Field failures require hero debugging

Service knowledge does not feed back into R&D. Customer bugs can be reproduced only by a small number of senior people.

Regulatory evidence reconstructed manually

Quality evidence must be assembled after the fact, by hand. Verification depends on expert intuition rather than machine-readable contracts.

New entrants with lower semantic cost

A competitor with a cleaner semantic architecture can validate, simulate, configure, service, and automate faster — at lower maintenance cost.

Three competences. One rare combination.

Our team is built on a specific and rare combination of three competences. Each exists in the market separately. We are where they converge.

Domain physics depth

Knowing which distinctions are physically real and which are incidental. A model that misses a fundamental distinction provides false confidence. One that encodes an incidental distinction over-constrains the system.

Software architecture judgment

Encoding semantic distinctions where the framework can enforce them — at transport boundaries and component interfaces — not in documentation or convention. Keeping the structure minimal enough to remain maintainable.

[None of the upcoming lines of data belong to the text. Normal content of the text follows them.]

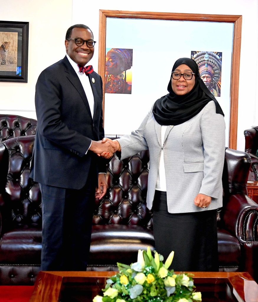 Rais wa Jamhuri ya Muungano wa Tanzania Mhe. Samia Suluhu Hassan, akisalimiana na Rais wa Benki ya Maendeleo Afrika (AfDB) Akinwumi Adesina kando ya Mkutano wa Mabadiliko ya Tabianchi Africa (Africa Climate Summit 23) unaofanyika katika Jiji la Nairobi Nchini Kenya.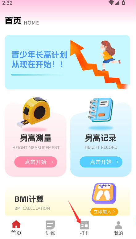1、在主界面底部的导航栏中找到并点击功能明确的“打卡”按钮,进入打卡中心。
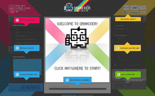 QR Hacker 是一个 Web 服务,为文本、URL、电话号码和 VCard 创建彩色的二维条形码。

Knowledge engineering instinct

Capturing knowledge in a form that survives personnel changes. Recognising which tacit conventions are load-bearing, which contested questions need explicit representation, which distinctions must extend as the domain evolves.

Market position

"We turn implicit instrument knowledge into durable enterprise assets, using architectural patterns proven at the largest scientific facilities in the world."

This positions the value at the maintenance horizon, not the delivery milestone — in terms that enterprise scientific facilities can directly map to operational risk.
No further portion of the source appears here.